Christopher Caldwell from the right-wing US journal The Weekly Standard has returned to the theme of protectionism in the Financial Times today (referring to the ‘Buy American’ clauses in the US rescue package). He takes a sideswipe at requiring labour (and environmental) standards in trade agreements. His argument is that anything which raises prices for consumers is a bad thing, and that labour standards are one of the causes of keeping prices high. But that’s not always the bad thing he makes out, and sometimes prices can be too low for our moral welfare.

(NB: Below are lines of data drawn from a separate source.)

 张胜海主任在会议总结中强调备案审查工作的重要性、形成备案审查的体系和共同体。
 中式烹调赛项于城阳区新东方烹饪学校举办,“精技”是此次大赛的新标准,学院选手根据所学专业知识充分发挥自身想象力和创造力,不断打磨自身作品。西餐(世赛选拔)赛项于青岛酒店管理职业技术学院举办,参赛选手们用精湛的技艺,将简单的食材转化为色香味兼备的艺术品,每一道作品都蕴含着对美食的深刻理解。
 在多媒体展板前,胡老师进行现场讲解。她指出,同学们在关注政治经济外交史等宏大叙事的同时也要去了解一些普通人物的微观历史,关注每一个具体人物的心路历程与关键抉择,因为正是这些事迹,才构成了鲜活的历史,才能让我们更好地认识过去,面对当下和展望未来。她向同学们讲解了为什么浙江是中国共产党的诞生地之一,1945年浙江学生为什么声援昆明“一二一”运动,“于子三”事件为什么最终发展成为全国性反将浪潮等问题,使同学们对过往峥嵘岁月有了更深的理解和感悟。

He’s right that protectionism can raise prices for consumers (and producers – when President George W Bush slapped tariffs on European steel he allowed domestic steelmakers to hike their prices by reducing the competition of EU steel, but that meant Detroit carmakers had to raise the prices of their cars which immediately became less competitive than imported Japanese cars: so the USWA was happy with the move, by the UAW wasn’t!) Protectionism sometimes fosters monopoly provision of goods, and therefore raises prices (although by raising prices, it should theoretically encourage others inside the tariff boundary into the market, thus increasing competition and lowering prices again, although one of capitalism’s problems is that it works better in theory than practice). And unions can sometimes use those price hikes to increase the wages of the producers.

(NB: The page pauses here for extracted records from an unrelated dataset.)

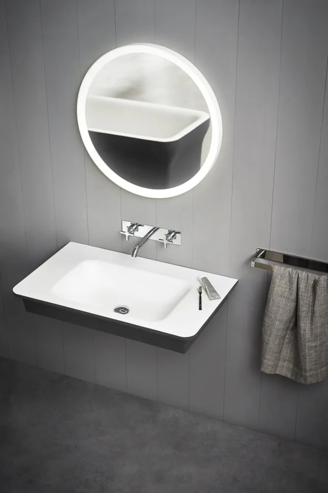 Он предлагается в белом цвете Ceramilux® и доступен в настенном варианте или со структурой из нержавеющей стали.
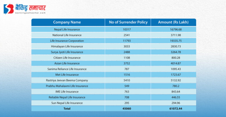 आइएमई लाइफको ७६३ वटा बीमा पोलिसी बापत ८ करोड ४३ लाख रुपैयाँको पोलिसी सरेन्डर भएको हो । सिटिजन लाइफको ११०८ वटा बीमा पोलिसी बापत ८ करोड रुपैयाँको पोलिसी सरेन्डर भएको हो । प्रभु महालक्ष्मी लाइफको ५४९ वटा बीमा पोलिसी बापत ७ करोड ८० लाख रुपैयाँको पोलिसी सरेण्डर भएको हो । रिलायबल नेपाल लाइफको ७०८ वटा बीमा पोलिसी बापत ४ करोड ४६ लाख रुपैयाँको पोलिसी सरेन्डर भएको हो । सन नेपाल लाइफको २९५ वटा बीमा पोलिसी बापत २ करोड ९४ लाख रुपैयाँको पोलिसी सरेन्डर भएको हो ।
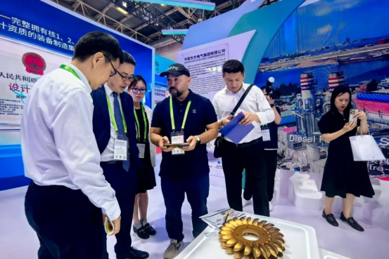 在全网担保网电气集团展台,自主研制的G50燃机、高端水电转轮、26兆瓦级海上风电机组、12000米特深井智能钻机、海水制氢平台“东福一号”、300千瓦组串式光伏逆变器、氢能燃料电池等创新链产品模型集中亮相,吸引了众多专业观众驻足参观。
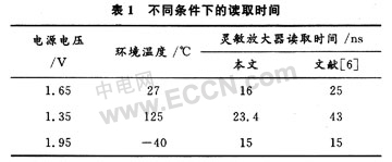 表1是該電流靈敏放大器在不同電源電壓和環(huán)境溫度下的讀取時間。從表1中可以看出在較低電源電壓和惡劣環(huán)境下該電流靈敏放大器仍然有比較好的性能。表1還把本文的電流靈敏放大器的仿真結(jié)果與參考文獻[6]所仿真的結(jié)果進行了對比,可以看出在本文所設(shè)計的電流靈敏放大器在某些情況下有更快的讀取速度。
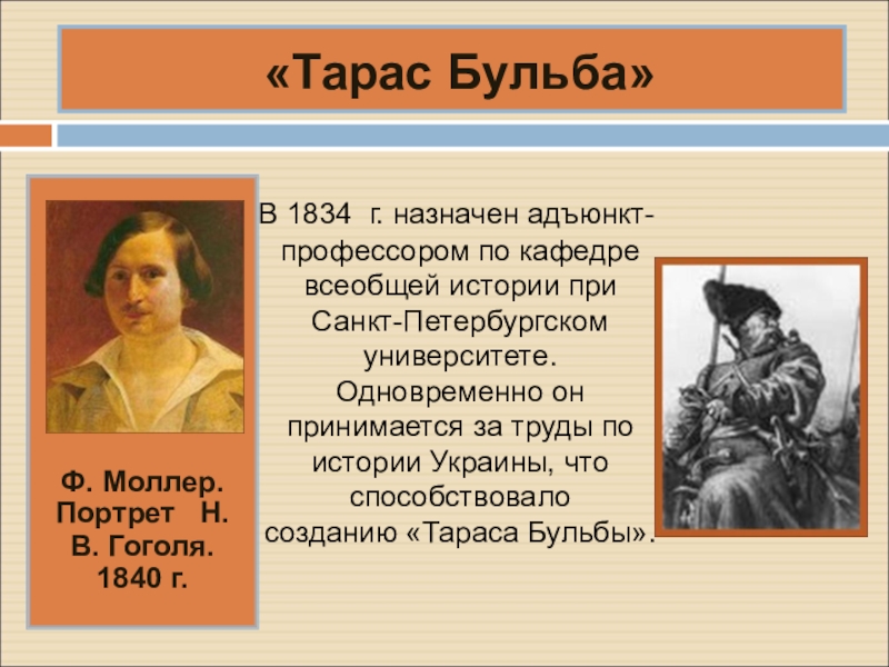 В 1834 г. назначен адъюнкт-профессором по кафедре всеобщей истории при Санкт-Петербургском университете. Одновременно он принимается за труды по истории Украины, что способствовало созданию «Тараса Бульбы».

But is the pursuit of lower prices always a good thing? Slave labour produces things very cheaply, but there are two tpes of objection to slavery: moral and pragmatic. One moral argument is that slavery is evil (another is that it makes the enslavers more brutish). Freedom from forced labour (a slightly more sophisticated concept than slavery, but not much) is of course one of the ILO core labour standards that right-wing liberal economists are opposed to including in trade agreements, by the way, although you don’t hear many people arguing that “banning slavery is protectionism”, for some reason. A pragmatic argument against slavery is that societies based on it are less dynamic than those based on free labour, because wealth tends to concentrate among the free elite, and they simply cannot consume enough to make the economy move very fast and grow (there are many other pragmatic arguments against slavery – for example, it’s a system that doesn’t encourage worker involvement and effort). So banning slavery is good for growth as well as the sole, and keeping prices low through slavery is not a good thing either morally or pragmatically.
Another problem with the argument that labour standards drive up prices is that there is some evidence that actually what they do is reduce profits, instead. The price of what you buy contains an element that goes to labour (wages), an element that goes to materials (although ultimately, these too can be broken down into the other two components), and an ingredient that goes to profit (the ‘return on capital’). If you reduce one or two of these, you can increase the other without raising the price, which is one reason why unions sometimes get good results from ‘productivity bargaining’, sharing the benefits of reductions in costs with their employers. The TUC Congress carried a resolution a couple of years ago that called for accounting practices to be changed so that for any large company, the different share of company revenue going to capital and labour should be spelled out so that people could see how much wages could rise by reducing profits.
Labour standards and tariffs aren’t the only things that raise prices, of course, and their absence isn’t the only way to reduce prices (IT has fallen in price mostly because materials have become cheaper, economies of scale have increased, and productivity and technical proficiency have improved). And most consumers would agree that there is a limit to what measures should be used to cut the costs of their goods – slavery being one, child labour another, discrimination a third and repression of trade unions a fourth. And, gosh, those are precisely the issues dealt with in the core labour standards of the International Labour Organisation! Add enviromental standards, and you have the modern trade union case for putting social clauses into trade agreements. Because these are universal rights, they don’t discriminate against any particular nation, as long as everyone upholds rights they have agreed to uphold by joining the ILO.